Schedule for patent interference proceedings between Toolgen and the Broad Institute (Source = U.S. Patent Trial and Appeal Board)




◇Toolgen rises 10% as key schedule set

Toolgen closed up 10.78% at 59,600 won from the previous session. The gain appeared driven by expectations that the CRISPR gene editing patent dispute has entered a decisive phase. The U.S. Patent Trial and Appeal Board resumed interference proceedings and began the priority determination process.

On March 31 local time, the board restarted the interference case between the Broad Institute and Toolgen and set a schedule to determine priority.

The move effectively reactivates proceedings that had been paused following a remand, marking entry into a critical stage to determine who first invented the technology. Under the schedule, the Broad Institute must submit its priority claims by May 8, while Toolgen is required to respond by June 19. Rebuttals and counter rebuttals will follow, with hearings expected to continue through the end of the year.

The market views the schedule not as a routine administrative step but as the starting point for determining patent ownership. The dispute, long delayed, is now seen as moving toward a conclusion.

If Toolgen secures priority, it could gain control over the relevant patent family and generate royalty income, directly boosting monetization expectations.

From an investment perspective, reduced time uncertainty is a key factor.
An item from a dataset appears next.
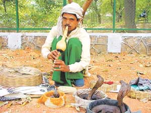 这个名叫塔里的耍蛇人在新德里卖艺。据他称,这一行最重要的是能抓蛇,然后一切就好办了。每年3、4月份,森林里气温升高时,他们便开始带着一种古老的捕蛇工具四处寻觅毒蛇的踪迹。这件可套住蛇颈、带有金属圈的手杖可让人在不杀死蛇的情况下,迅速取出藏在蛇牙后的毒囊。不过据塔里介绍,大自然才是蛇的家园,如果长期不与自然接触,性子再烈的蛇都会变得懒洋洋的,所以每隔两三个月,耍蛇人都会把自己的“宝贝”放归森林,再补充一批“新鲜血液”。
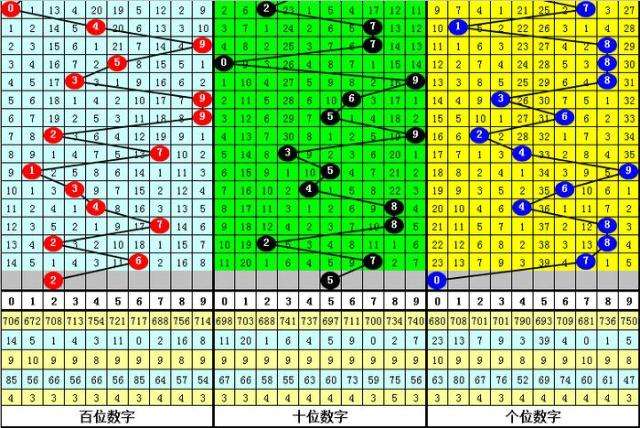 大中小分析:在组选0-9号码分布图中,前10期小 号(0-2区段)出现5枚奖号,中号(3-6区段)出现13枚奖号,大号(7-9区段)出现12枚奖号,上期0小 号区域断区,本期防大号转冷,预计7-9区段无号。

With a defined timeline, visibility on when an outcome may emerge has improved.



◇Curiox declines despite Big Pharma framework deal

Curiox Biosystems closed down 13.91% at 87,300 won. The drop came despite signing a framework agreement last month with a top 10 global pharmaceutical company, as specific order volumes have yet to be confirmed, prompting profit-taking.
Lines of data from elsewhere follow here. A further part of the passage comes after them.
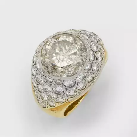 Gelb- und Weißgold, 18 k. Zentral besetzt mit einem hellgrauen Brillanten von ca. 5,08 ct. (p1), entouriert von Brillanten von zus. ca. 2,40 ct. (F-G/vsi). Gew. ca. 11,39 g.
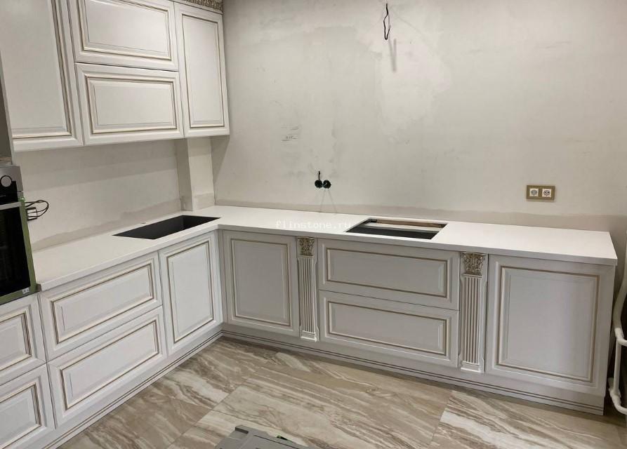 - Угловая или Г-образная: Эта форма столешницы может быть выполнена с мягкими закруглениями или с четкими геометрическими линиями. Угловая конструкция эффективно использует пространство, предоставляя дополнительные рабочие зоны и места для хранения.
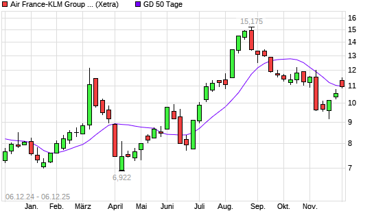 Mit dem Anstieg auf 10,95 EUR hat die Air France-KLM-Aktie am 05.12.2025 die 50-Tage-Linie nach oben gekreuzt.Die Air France-KLM-Aktie befindet sich seit dem 25.11.2025 im langfristigen Aufwärtstrend ...weiterlesen

The company said it will take time for the agreement to translate into actual revenue.

“Based on the framework agreement, we now need to expand sales to individual labs within the client organization,” a company official said. “It will take some time before concrete performance figures are realized.”
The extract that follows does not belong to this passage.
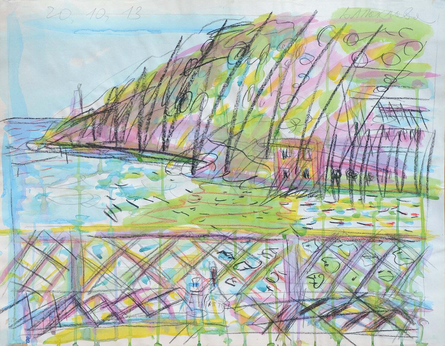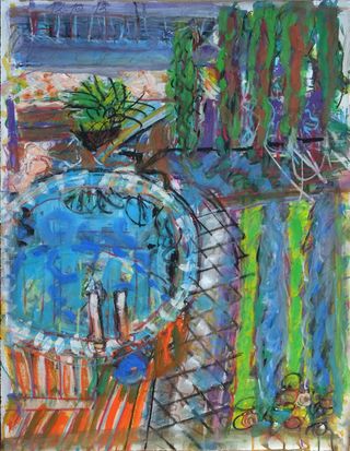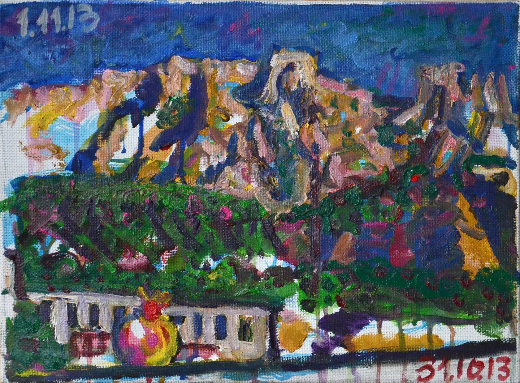 Вообще - был такой распорядок у меня: утром (до восхода солнца) ныряние в бассейн..на плите доходил мой кофе. Дальше я ждал восход солнца с чашечкой и сигаретой - рисовал. После завтрака я залезал на крышу с видом на Ай-Петри. Спустившись на этаж ниже, рисовал и писал бассейн с тополями, а вдали море. Днем возвращался на крышу (к своему натюрморту и пейзажу). И вся эта катавасия продолжалось до вечера, а то и ночи. И, кстати, когда я рисовал восход солнца приходил к бассейну попить воды кот Вася.

Curiox develops equipment that automates washing and separation steps, which are essential in cell analysis workflows. These processes have traditionally been performed manually using centrifugation, but automation improves efficiency and reproducibility.

Future stock momentum may hinge on reproducibility validation results. The company has completed comparative testing using its Pluto workstation and aims to present the results at a major academic conference in midyear. Demonstrating consistent results across different research environments could significantly enhance confidence in its technology.



◇Biodyne gains on dividend transition expectations

Biodyne rose 5.88% to 12,600 won. Investor sentiment improved after a PharmEdaily premium article highlighted the company’s potential to expand dividends.

At its recent annual general meeting, the company eliminated accumulated deficits using capital surplus, establishing a structure that enables dividend payments. In addition, royalty income based on its agreement with Roche is expected to provide stable cash flow.

Global expansion of the Ventana SP400 cervical cancer diagnostic system is also expected to drive revenue growth without significant additional costs. The market estimates annual royalty income could exceed 40 billion won by 2028.

The major shareholder structure is also seen as supportive of dividend expansion. Under its agreement with Roche, maintaining a certain ownership stake is required, increasing incentives to return cash through dividends rather than share sales.

Government value-up policies may also play a role. In an environment of rising pressure for shareholder returns, expanding dividends is increasingly viewed not as an option but as a strategy to support valuation.

While biotech companies have typically offered limited dividends due to heavy R&D spending, Biodyne is drawing attention as a rare case of a dividend-paying biotech backed by royalty-based cash flow.